* Exercise data
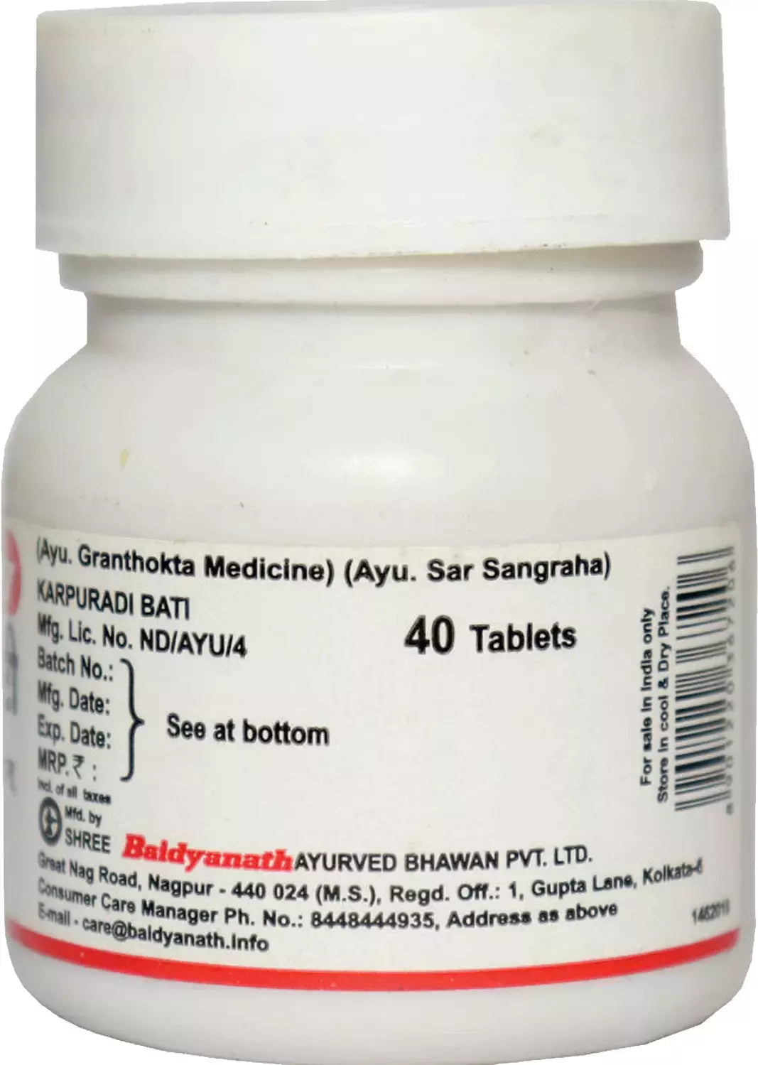 बैद्यनाथ कर्पूरादि बटी के उचित उपयोग के बारे में जानकारी उपलब्ध है, हालाँकि, उपयोग से पहले किसी योग्य स्वास्थ्य सेवा पेशेवर से परामर्श करना उचित है। गर्भवती या स्तनपान कराने वाली महिलाओं के लिए विशेष रूप से चिकित्सीय सलाह लेने की सलाह दी जाती है।
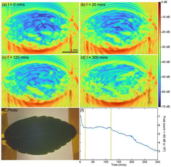 (a–d) LFI images of Celtis sinensis at t = 0, 20, 130, and 300 min. For a continuous progression from 0 to 300 min, see Video S2. (e) Photo of leaf after LFI scan (300 min +). (f) Change in count of ‘blue’ pixels (Amp. < 60 dB) vs. time. Horizontal lines indicate 20 and 120 min.
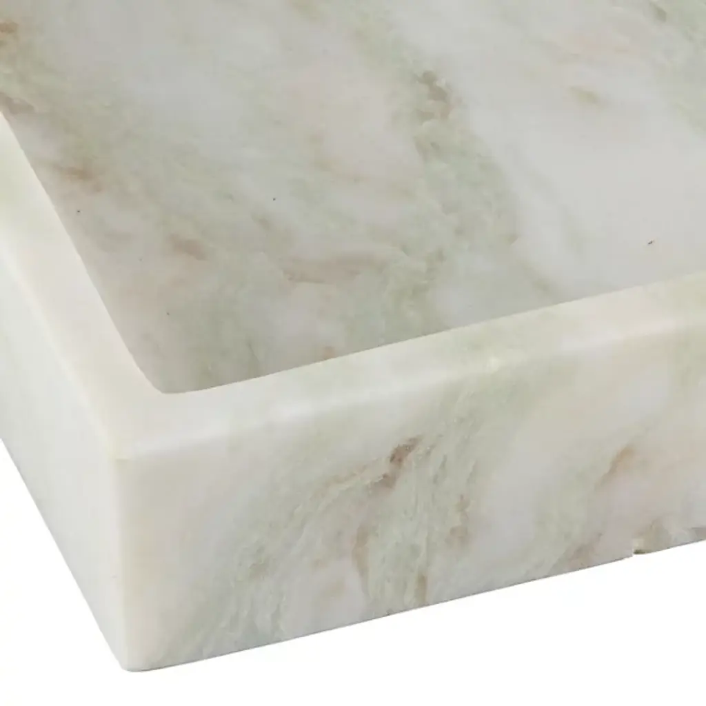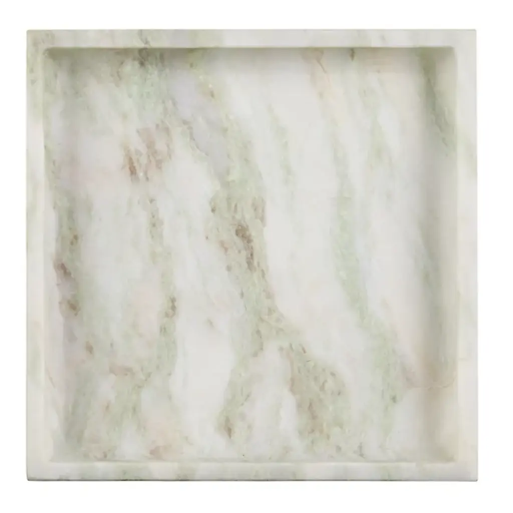 The Bilbao Square Tray from Currey & Company displays the same exquisite Aravali onyx found in the round version, with pastel pink and green veining that flows naturally across the rectangular form. Like its circular counterpart, this tray features a tapered base that connects to a narrow plinth, giving the piece architectural interest. The natural stone ensures that each tray has unique veining patterns, making it a one-of-a-kind decorative and functional piece.

* Assignment
Please take the lines from the beginning of the data above through the line holding "(a–d) LFI images" and transcribe them exactly, without any pictures.

* Result of this exercise
 बैद्यनाथ कर्पूरादि बटी के उचित उपयोग के बारे में जानकारी उपलब्ध है, हालाँकि, उपयोग से पहले किसी योग्य स्वास्थ्य सेवा पेशेवर से परामर्श करना उचित है। गर्भवती या स्तनपान कराने वाली महिलाओं के लिए विशेष रूप से चिकित्सीय सलाह लेने की सलाह दी जाती है।
 (a–d) LFI images of Celtis sinensis at t = 0, 20, 130, and 300 min. For a continuous progression from 0 to 300 min, see Video S2. (e) Photo of leaf after LFI scan (300 min +). (f) Change in count of ‘blue’ pixels (Amp. < 60 dB) vs. time. Horizontal lines indicate 20 and 120 min.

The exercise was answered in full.